Um dos maiores desafios dos consultórios psiquiátricos, como relata Jaqueline, tem a ver também com a irresponsabilidade de outros profissionais, que acabam receitando medicamentos controlados sem uma avaliação total do quadro ou de pacientes que passam a se automedicar.
“Eu recebo na clínica pacientes com distúrbios neuropsiquiátricos graves e com consequências físicas, doenças que foram desenvolvidas pelo uso abusivo de medicamentos psicotrópicos que ou foram mal indicados ou estão sendo utilizados de forma incorreta, por muito mais tempo do que o necessário ou com super dosagens”, diz.
O mau uso desses medicamentos pode causar o efeito contrário ao desejado, como irritabilidade, ansiedade, alterações de humor, psicoses, pânico, convulsões, arritmias, além do risco de dependência.
Para dormir, para acordar, para relaxar e para sorrir
De acordo com a especialista, o grande problema em relação aos medicamentos psiquiátricos no momento é que eles estão sendo utilizados como muletas e de forma constante e indiscriminada para atividades que deveriam ser naturais, como dormir, relaxar, se concentrar e até ser feliz.
“Parece brincadeira, mas eu atendo pacientes que abrem a cartela de comprimidos e me contam quais usam, em quais momentos e com quais finalidades.

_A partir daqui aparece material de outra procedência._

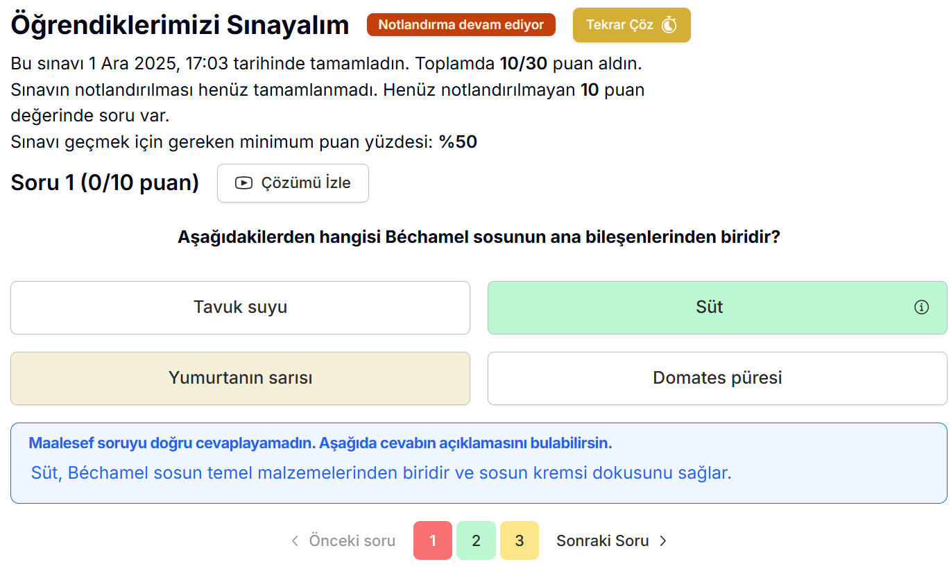 Sınav deneyimini görmek için bir öğrenci hesabıyla giriş yapmanız gerekmektedir. Bunu yapmak için tercih ettiğiniz bir e-posta adresini dersinize ücretsiz olarak ekleyebilirsiniz. :::

Seus organismos já não fazem mais nada sozinhos, só funcionam à base de drogas e fazer o desmame nesse tipo de cenário é muito complicado, é um grande desafio dos profissionais de saúde”.

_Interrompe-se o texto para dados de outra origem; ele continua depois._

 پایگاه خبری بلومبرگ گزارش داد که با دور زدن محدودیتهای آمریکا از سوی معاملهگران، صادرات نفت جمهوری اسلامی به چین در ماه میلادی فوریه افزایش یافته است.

Jaqueline cita o famoso Zolpidem, medicamento da classe dos hipnóticos que induz o sono e causa efeito sedativo, que tem ganhado destaque exatamente por seu uso indevido. “Esse é um excelente exemplo, porque o medicamento é muito potente e pode realmente ajudar em alguns casos. Mas ele não foi feito para ser utilizado por um longo período de tempo e pode causar extrema dependência. Nenhuma droga sedativa, inclusive, deveria ser incluída à rotina de uma pessoa que tem insônia. Ele é parte do tratamento e não o todo. Mas agora temos uma verdadeira epidemia da droga, que pode trazer muitos malefícios e será difícil de ser controlada”, afirma.

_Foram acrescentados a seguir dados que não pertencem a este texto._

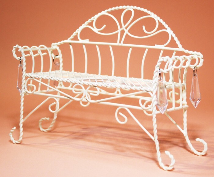 ワイヤーで出来た、エレガントなぬいぐるみ用ベンチです。

Ela reforça que o trabalho da psiquiatria é devolver para o paciente a habilidade que ele tem – ou deveria ter – de realizar todas as ações descritas acima, de forma natural e independente de medicamentos. “O uso constante de medicamentos será indicado apenas para uma parcela da população que realmente precisa repor esses compostos de forma definitiva. Para a maioria dos pacientes, no entanto, o medicamento vai ser apenas uma ajuda, que deve ser revista de tempos em tempos e, idealmente, retirada da rotina”, ressalta.
“O mundo todo passou por momentos desafiadores e a saúde mental da população está realmente em jogo. Mas não podemos – ambos profissionais da saúde e pacientes – sermos irresponsáveis e começar uma nova pandemia, dessa vez de medicamentos”, conclui.